Dataset extract
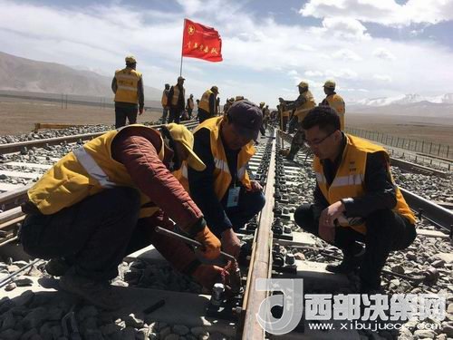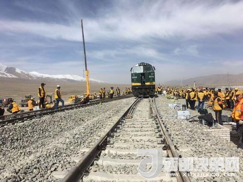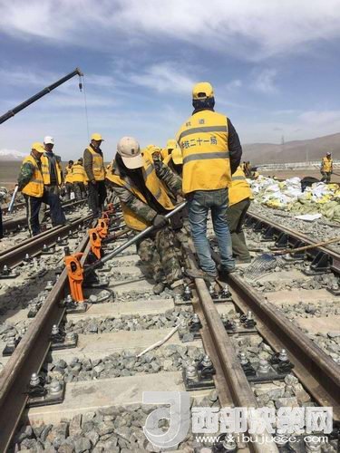 在玉珠峰車站施工現(xiàn)場(chǎng),600余名工人正在緊張的進(jìn)行螺紋道釘錨固定、搗道石、安裝枕木連接板等操作。橘黃色的工作服在遠(yuǎn)處皚皚雪山的映照下分外醒目和溫暖。中鐵二十一局格拉擴(kuò)能改造工程指揮部總工李先告訴記者:“這個(gè)車站的改造由車站北側(cè)增加2條到發(fā)線,在車站的西側(cè)增加3股道的專用裝卸線。涉及到路基、橋涵、房建、軌道、通信、信號(hào)、電力7個(gè)專業(yè)。”
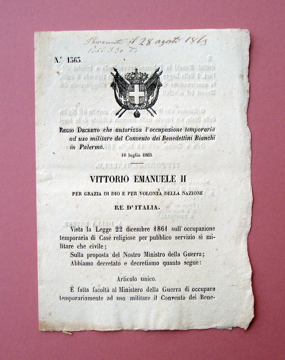 Regio Decreto Palermo Occupazione temporaria uso Militare Convento Bianchi 1863 | Libri antichi e moderni |
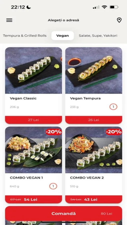 Selectați o categorie de preparate și adăugați felul de mâncare în coș

Activity
You are asked to reproduce each line above exactly, but to exclude the pictures.

Worked solution
 在玉珠峰車站施工現(xiàn)場(chǎng),600余名工人正在緊張的進(jìn)行螺紋道釘錨固定、搗道石、安裝枕木連接板等操作。橘黃色的工作服在遠(yuǎn)處皚皚雪山的映照下分外醒目和溫暖。中鐵二十一局格拉擴(kuò)能改造工程指揮部總工李先告訴記者:“這個(gè)車站的改造由車站北側(cè)增加2條到發(fā)線,在車站的西側(cè)增加3股道的專用裝卸線。涉及到路基、橋涵、房建、軌道、通信、信號(hào)、電力7個(gè)專業(yè)。”
 Regio Decreto Palermo Occupazione temporaria uso Militare Convento Bianchi 1863 | Libri antichi e moderni |
 Selectați o categorie de preparate și adăugați felul de mâncare în coș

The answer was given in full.